私は、その時々でいろんな役になっていた気がします。

時には、お母さんみたいに。
時には、先生みたいに。
時には、お姉さんみたいに。

そして時には、自分よりずっと大人になったような気持ちで。

「大丈夫だよ。」
「そんなこともあるよ。」
「次はこうしたらいいんじゃない?」
「よく頑張ったね。
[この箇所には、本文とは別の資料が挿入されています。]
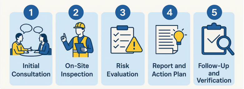 The process begins with a comprehensive on-site inspection. Consultants examine each area of the home from bedrooms to bathrooms, electrical systems to outdoor spaces, identifying unsafe conditions and areas of non-compliance with relevant safety standards

」

そんな言葉を、
自分で自分にかけていたんです。

今思うと、
ちょっと不思議な子どもですよね。

でも、
私にとってその時間は、とても大切な時間でした。

泣きながら二階へ上がっていったはずなのに。
気がつくと、心が少しずつ落ち着いていく。
気持ちが整理されていく。
そして最後には、
何事もなかったかのように、ケロッと一階へ降りていく。

またいつものように、
ご飯を食べたり、
家族と話したりしている。

そんなことを、私は何度も繰り返していました。

あの頃の私は、“感情を整える場所”を持っていた

大人になった今、
この記憶を思い出して、
はっとしたことがあります。

それは、子どもの私は、
もうすでに“感情を整える方法”を持っていたんだ、
ということです。

悲しい。
悔しい。
わかってほしい。
モヤモヤする。

そんな気持ちを、
そのまま抱え込むのではなく。
誰かにぶつけるでもなく。
一人になれる場所へ行って、
自分の気持ちを言葉にしていた。

そして、
自分で自分を落ち着かせていた。

もちろん、その頃の私は、
そんなことを意識していたわけではありません。

ただ自然にやっていただけ。

でも今振り返ると、
あれこそが、
私の“感情習慣”の原点
だったのかもしれません。

大人になった今も、私は変わっていません

おもしろいことに、
大人になった今の私にも、
その頃の名残があります。

何か悲しいことがあった時。
悔しいことがあった時。
気持ちがざわざわした時。

私は、すぐに誰かに話すというより、
まず一人になりたくなります。

少し静かな場所に行って、
自分の気持ちを整理したくなる。

頭の中で言葉にしたり、
紙に書いたり、
心の中で対話したりする。

そうしているうちに、
少しずつ気持ちが整っていく。

その姿は、もしかしたら、
あの三面鏡の前に座っていた小さな私と、
あまり変わっていないのかもしれません。

あなたには、“心が戻れる場所”がありましたか?

子どもの頃。
悲しかった時。
悔しかった時。
誰にも言えない気持ちがあった時。

あなたには、
自然と向かっていた場所がありましたか?

押し入れの中だったかもしれません。
机の下だったかもしれません。
公園のブランコだったかもしれません。
あるいは、おばあちゃんの隣だったかもしれません。

もしかしたら、
その場所こそが、
今のあなたを支えている
“感情習慣の原点”なのかもしれません。